Detailed Description
For a better description of the objects, technical solutions and advantages of the present invention, the present invention will be further described with reference to the following specific examples, which are not intended to limit the present invention in any way. Unless specifically stated otherwise, the reagents, methods and apparatus employed in the present invention are those conventional in the art. The reagents and materials used in the present invention are commercially available unless otherwise specified.
The following raw materials are selected in the embodiment of the invention:
Low melt index linear polypropylene:
PP-1: PP B8101, available from Yanshan petrochemical industry, has a melt mass flow rate of 0.3g/10min at 230℃under 2.16 kg;
PP-2: PP 3010, melt mass flow rate at 230℃and 2.16kg was 1.3g/10min, available from Taiwan plastics industries, inc.;
High melt strength branched polypropylene:
PP-3: WB140 HMS, melt strength at 190 ℃ of 36cN, available from northern european chemical;
PP-4: PP 561P (HEX 17112), melt strength at 190 ℃ of 60cN, commercially available from sauter basic industries;
An antioxidant:
Phenolic primary antioxidants: antioxidant 1010, available from Sanfeng chemical Co., ltd in Yi city, shandong province;
phosphite ester auxiliary antioxidant: antioxidant 168, available from Sanfeng chemical Co., ltd in Yi city, shandong province;
thioester auxiliary antioxidants: antioxidant RIANOX 412S, available from Tianjin An Long New Material Co., ltd;
antioxidant synergist:
EP-1: bisphenol A type epoxy resin, jer 1004, having an epoxy value of 0.1mol/100g, available from Shanghai Zhongsi Co., ltd;
EP-2: bisphenol A type epoxy resin, 5213B, epoxy value 0.17mol/100g, available from Injusa chemical;
EP-3: bisphenol A type epoxy resin, KD-211G, with epoxy value of 0.2mol/100G, purchased from national chemistry;
EP-4: bisphenol A type epoxy resin, KD-211SW, epoxy value of 0.23mol/100g, purchased from national chemistry;
EP-5: bisphenol A type epoxy resin, jer1007, having an epoxy value of 0.05mol/100g, available from Shanghai Zhongsi Utility Co., ltd;
EP-6: bisphenol F type epoxy resin, jer4005P, epoxy value of 0.1mol/100g, purchased from Shanghai Zhongsi Utility Co., ltd;
EP-7: aliphatic glycidyl ether epoxy resin, YL7410, epoxy equivalent of 0.19mol/100g, available from Shanghai Zhongsi Utility Co., ltd;
foaming agent:
Sodium bicarbonate (NaHCO 3): f-70, available from Yongand Fine chemical (frequent) Co., ltd;
azodicarbonamide blowing agent (AC blowing agent) LD703S, available from Zhejiang Jie Shangjie New Material Co., ltd;
other additives:
Antibacterial agent: inorganic salt phosphate-loaded silver ion antibacterial agent, IONPURE IPS3, purchased from Beijing Ai Sier technologies Co., ltd;
In the present invention, the other additives (e.g., antimicrobial agents) are the same in the parallel test.
Examples 1 to 18
The embodiment of the invention provides a series of repeatedly foamable polypropylene composite materials, which are prepared by a preparation method comprising the following steps:
According to the formula shown in tables 1-2, firstly adding polypropylene resin, an antioxidant synergist and other additives into a high-speed mixer, uniformly mixing, then feeding into a double-screw extruder (the length-diameter ratio of the screw is 40:1), feeding the mixture into a double-screw extruder, wherein the rotating speed of the screw is 450r/min, and uniformly mixing the mixture at 80-220 ℃ (wherein the temperature of each region in the double-screw extruder is respectively that the temperature of the first region is 80-120 ℃, the temperature of the second region is 180-200 ℃, the temperature of the third region is 180-220 ℃, the temperature of the fourth region is 180-220 ℃, the temperature of the fifth region is 180-220 ℃, the temperature of the sixth region is 180-220 ℃, the temperature of the seventh region is 180-220 ℃, the temperature of the eighth region is 180-220 ℃, and then adding a foaming agent, and uniformly mixing to obtain the repeatable foaming polypropylene composite material.

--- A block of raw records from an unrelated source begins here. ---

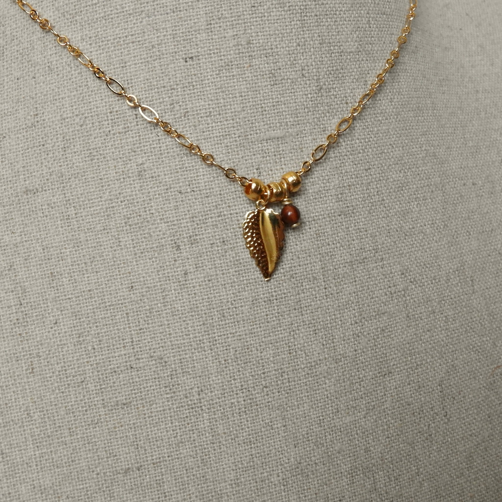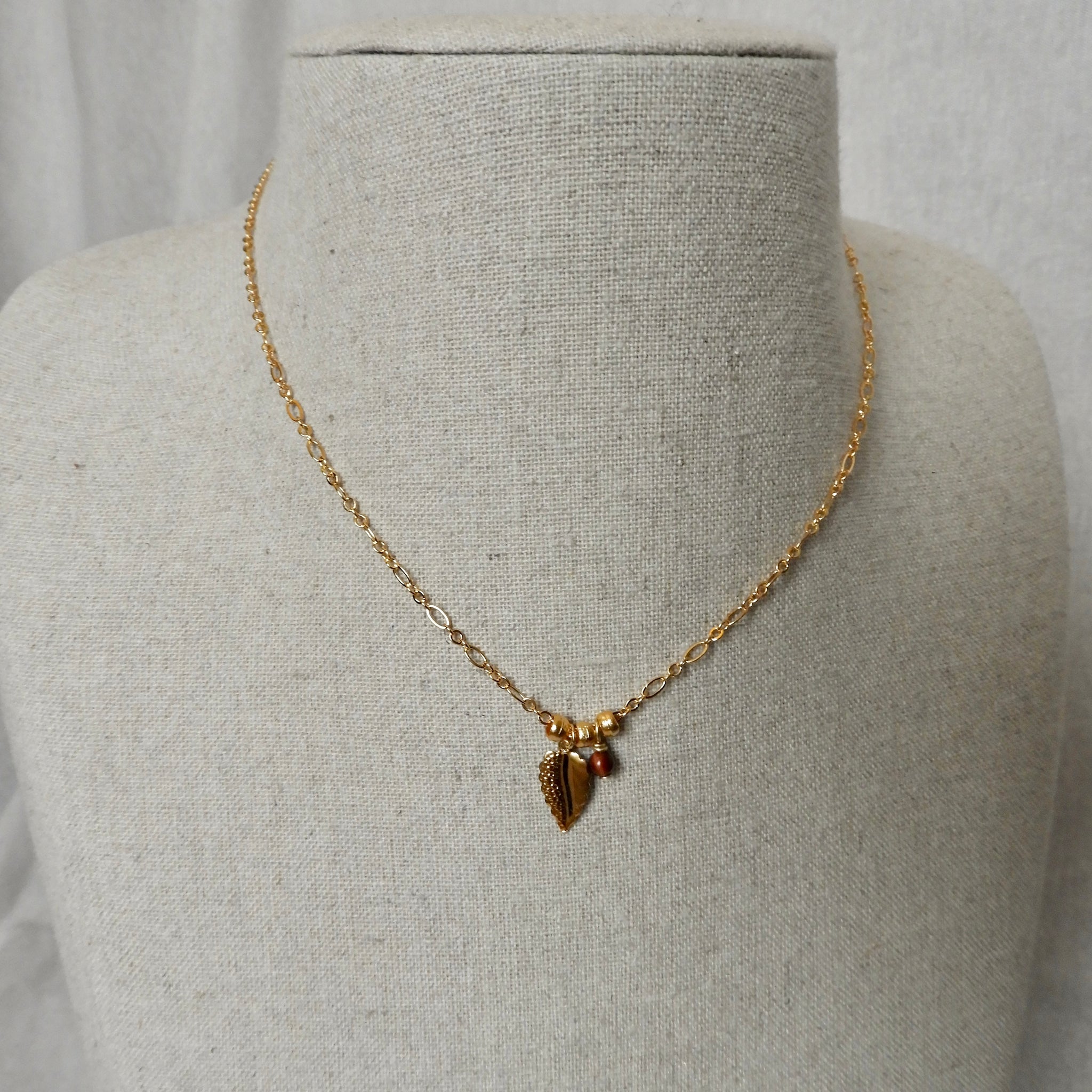 Petit pendentif au motif de feuille et perle en œil de taureau en breloque, sur un chaîne maille fantaisie en laiton doré à l'or fin 24K.
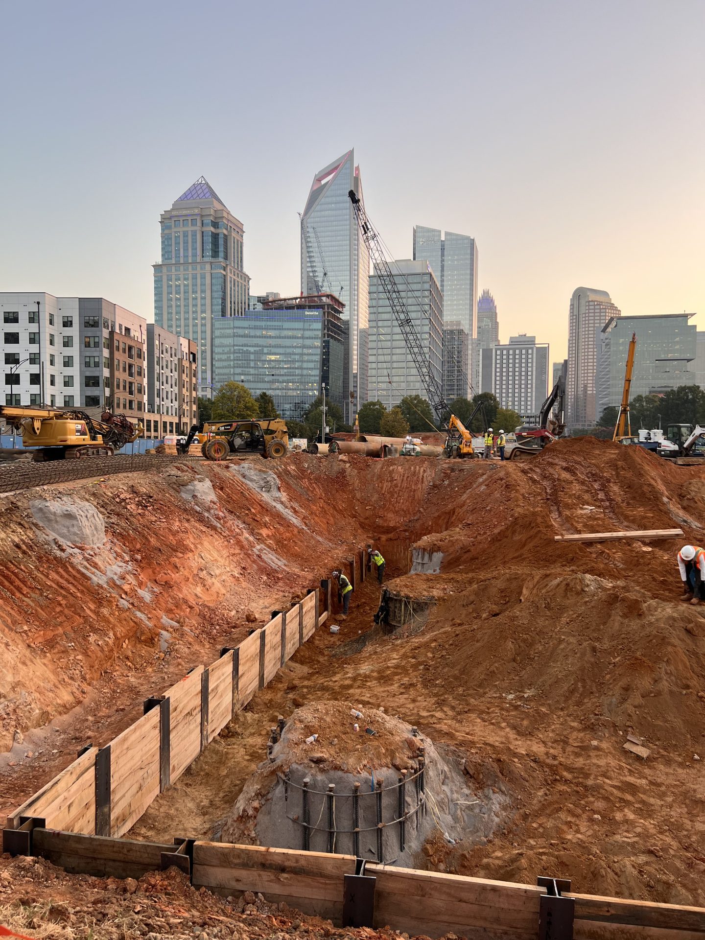 As part of the signature Queensbridge Collective development in Charlotte’s South End, Taproot Construction was selected to install a driven soldier pile and lagging wall supporting excavation for the foundation of Tower 1. The four-sided earth retention system was designed to accommodate construction of a 10-foot-thick mat footing that will support the new 42-story residential high-rise.
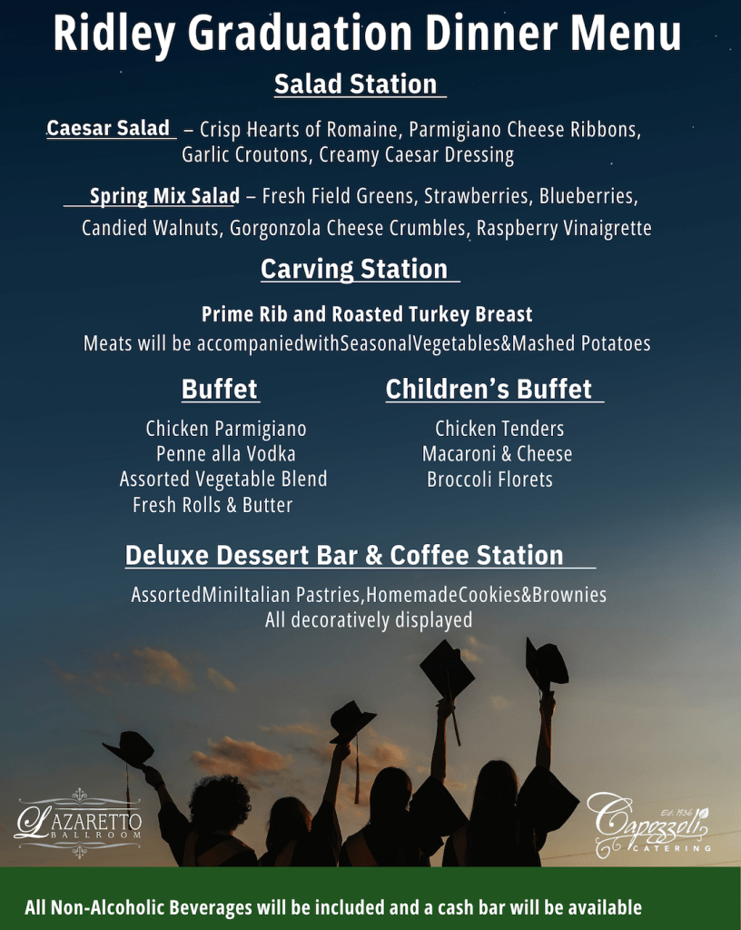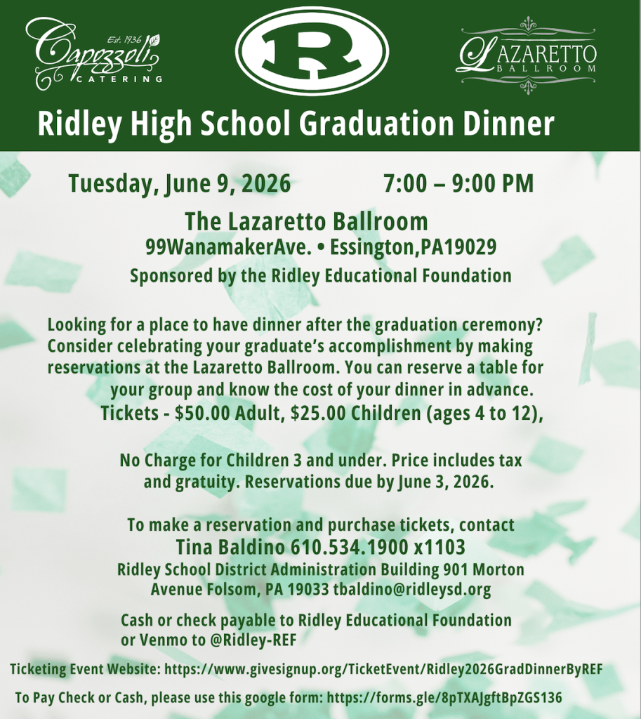 Deadline for reservations is June 3rd. Our ticketing event website for credit card purchases is: https://www.givesignup.org/TicketEvent/Ridley2026GradDinnerByREF
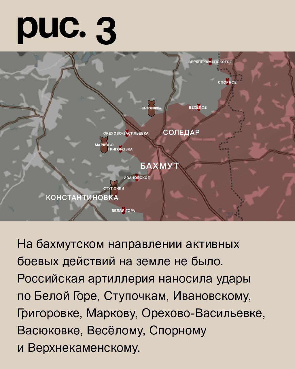 На бахмутском направлении активных боевых действий на земле не было. Российская артиллерия наносила удары по Белой Горе, Ступочкам, Ивановскому, Григоровке, Маркову, Орехово-Васильевке, Васюковке, Весёлому, Спорному и Верхнекаменскому. (Рис. 3)
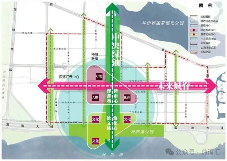 作为深圳市7大总部基地、18个重点发展区域之一,片区区位条件优越、自然景观得天独厚、城市门户形象突出,综合开发价值高。在粤港澳大湾区与中国特色社会主义先行示范区的“双区驱动”下,深圳被赋予了建成全球标杆城市的使命。
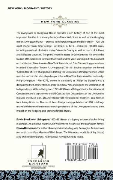 Edwin Brockholst Livingston (1852-1929) was a shipping insurance broker living in London. An amateur historian, he wrote three histories of the Livingston family. Edward Renehan is the author of many books, including John Burroughs: An American Naturalist and Dark Genius of Wall Street: The Misunderstood Life of Jay Gould, King of the Robber Barons. He lives near Newport, Rhode Island.
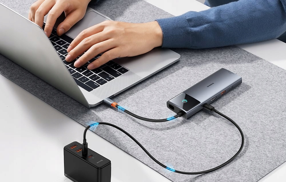 С помощью порта USB-C(PD) вы можете заряжать свои устройства с входной мощностью 100 Вт (выходной мощностью 85 Вт) - ваш ноутбук будет заряжен мгновенно! Для вашей безопасности концентратор имеет многочисленные средства защиты, например, от слишком высокого тока или короткого замыкания — как только обнаруживается неисправность, ток немедленно отключается. Технология BCT обеспечивает эффективное рассеивание тепла, выделяемого во время зарядки.

Table 1 the composition formulations (parts by weight) of the polypropylene composites of examples 1 to 9
Table 2 raw material formulations (parts by weight) of Polypropylene composite materials of examples 10 to 18
Comparative example 1
The comparative example provides a polypropylene composite material prepared according to the preparation method of example 1, which differs from example 1 in that the low melt index linear polypropylene PP-1 is replaced by the high melt strength branched polypropylene PP-3, and other raw materials and amounts are unchanged, i.e. the polypropylene resin only comprises the high melt strength branched polypropylene.
Comparative example 2
The comparative example provides a polypropylene composite material prepared according to the preparation method of example 1, which differs from example 1 in that the high melt strength branched polypropylene PP-3 is replaced by low melt index linear polypropylene PP-1, and other raw materials and amounts are unchanged, i.e. the polypropylene resin only comprises low melt index linear polypropylene.
Comparative example 3
This comparative example provides a polypropylene composite, prepared according to the preparation method of example 1, differing from example 1 in that no epoxy resin EP-1 was added.
Comparative example 4
This comparative example provides a polypropylene composite, prepared according to the method of example 1, except that no antioxidant was added to the polypropylene composite as in example 1.
Performance testing
The performance of the polypropylene composite materials obtained in the above examples and comparative examples was characterized, and specific test items, test methods and results were as follows:
1. Density (g/mL): the polypropylene composite materials prepared in the above examples and comparative examples were blown into films, which were obtained by the test described in the reference of the method A of the standard GB/T1033-1986, and the prepared films were re-blown, and the densities of the films obtained by the 4 th blow molding were tested, and the specific test results are shown in Table 3;
2. Thickness test of polypropylene film: the thickness (mm) of the polypropylene film obtained by blow molding the polypropylene composite materials prepared in the above examples and comparative examples and the thickness of the film obtained by blow molding the polypropylene composite materials for the 4 th time under the same blow molding process conditions were tested by a thickness measuring instrument, the thickness of the present invention is the average thickness, the thickness of five points is tested by a five-point sampling method on the film, and finally the average thickness of the five points and the variance thereof are taken as test results, and the test results are shown in table 3;
TABLE 3 Performance test results
From the above results, it can be seen that:
The repeatedly foamable polypropylene composite material prepared by the embodiments of the invention has good repeatedly blow molding processing performance, and still has good processing performance and foaming performance after repeated processing.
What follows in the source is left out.